Corporate Fixed Deposits: Things to know before investing

Company deposits or popularly known as Corporate FDs are the debt instruments offered by companies to public. These deposits are similar to bank fixed deposits but usually carry higher than bank's average fixed deposit rates and thus attract lot of investors. But it should be remembered that just assurance of a fixed return doesen't make company FDs risk free.
If the company is financially weak, they may not even be able to pay interest, at times, even the principal amount. In the 1990s, many investors lost their hard-earned savings because they were lured by high returns and didn't try to understand how the company would generate the money to repay the deposits.

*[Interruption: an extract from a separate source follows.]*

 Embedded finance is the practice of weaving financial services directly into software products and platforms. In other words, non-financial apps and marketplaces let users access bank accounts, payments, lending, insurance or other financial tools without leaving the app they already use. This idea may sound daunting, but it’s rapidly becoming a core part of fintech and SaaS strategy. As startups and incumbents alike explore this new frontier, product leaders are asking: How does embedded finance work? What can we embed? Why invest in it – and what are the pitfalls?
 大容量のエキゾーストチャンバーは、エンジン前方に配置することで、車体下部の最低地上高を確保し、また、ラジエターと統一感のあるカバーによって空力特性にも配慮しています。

So what is the risk of default?
The corporate deposits are typically unsecured, which means that you cannot lay your hands on the assets of the company if it lands in financial trouble and is liquidated. In that event, your turn to receive your money will come only after the secure lenders of the company are repaid. In a bank deposit, your money is deployed more diligently as banks are regulated by the RBI. Banks use your money to lend customers after assessing their creditworthiness. Companies, on the other hand, use the money for their own projects or sometimes for their working capital. The risk profile of such projects can be high. The banking system also generates enough liquidity to repay your deposit if you want to withdraw it before it matures.

So how to select which company deposit scheme to choose?

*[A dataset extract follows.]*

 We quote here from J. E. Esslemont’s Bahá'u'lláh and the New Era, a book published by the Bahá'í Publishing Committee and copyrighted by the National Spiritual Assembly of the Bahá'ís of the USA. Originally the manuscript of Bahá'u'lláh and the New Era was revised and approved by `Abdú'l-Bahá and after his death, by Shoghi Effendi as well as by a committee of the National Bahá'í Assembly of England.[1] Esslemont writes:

Check following points before investing in any corporate deposit.

Credit rating: Start by looking at the credit rating of the deposit that you are examining. The RBI requires non-banking finance companies such as HDFC and Dewan Housing Finance to get their deposit instruments rated. This will be prominently displayed in the application form. HDFC, for instance, has a triple A (displayed as AAA) rating from Crisil, the highest rating awarded for an investment-grade instrument. Ansal Properties & Infrastructure, on the other hand, has a Fitch Rating of B- (for long-term debt), which denotes speculative grade and low margin of safety.

Look for a triple-A rated company and do not settle for anything less than a double-A rating. This process will automatically weed out companies with high financial and business risks.
Non-finance companies are not regulated by the RBI. Many of them, while getting a rating on their long-term or short term instruments, do not specifically get their fixed deposit rated. Also, the credit rating is often not available to a prospective depositor. The deposit of Jaiprakash Associates is one such example. You have two ways to overcome this limitation. If the company is a prominent one, an Internet search of its rating should throw you results. Crisil, ICRA, Fitch and CARE are agencies that do most of the ratings. You can look in their websites as well. If not, take a closer look at the company's financials that will be disclosed in the application form.

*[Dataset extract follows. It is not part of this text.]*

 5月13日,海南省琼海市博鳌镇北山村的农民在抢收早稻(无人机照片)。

Company Financials: For non-finance companies, look at the balance sheet for debt — secured and unsecured loans. If this sum is over twice the net worth (share capital plus reserves and surplus) you may have reason to be cautious. One other additional check, if you have access to the company's profit and loss account, is to verify the annual interest costs. See if the profit before interest and taxes covers the interest costs by at least two times. The lower the coverage, the more strapped the company is, in servicing your interest.

High rates: If the deposit offers 1.5-2-percentage points more than a top-rated company, verify the nature of the company's business and whether it is a profit-making entity. Jaiprakash Associates' deposits carry 2.5 percentage points higher interest than HDFC's Platinum deposit. Remember, higher returns come at the cost of assuming higher risks.

Listed entities: Prefer listed entities to unlisted ones, unless the latter are government-backed, such as Hudco. Listed entities file a good part of their business and financial information with the exchanges. This makes access to information easy. While you can explore unlisted but public companies, such as Sundaram BNP Paribas Home Finance, avoid partnership or private limited companies. These are less regulated and disclose little information.

Check history: You can also consider inspecting if the company has high number of complaints or defaults in the past. In general, it is best to refrain from little-known names even if your agent recommends it. Remember the agents are paid a hefty commission to promote these FDs.

When you investigate the company's history, always check with your agent and other depositors on how promptly the company provides the FD receipt or pays the interest.

Many companies now take anywhere between 45 and 60 days to issue a receipt if you are not in the same city as the company's processing division. Such delay speaks of poor service.

Fine print: Always read the fine print in the application form. Much of the terms and conditions relating to issues such as premature withdrawal are buried in the second page of the application form. If you are renewing the deposit, look for any change in the terms from the time you deposited.

Once you have zeroed in on you investment, remember to avoid locking into corporate FDs for more than three years. A company's future is tough to predict beyond this, and any deterioration in business or financials normally start hurting a company over a 2- to 3-year period.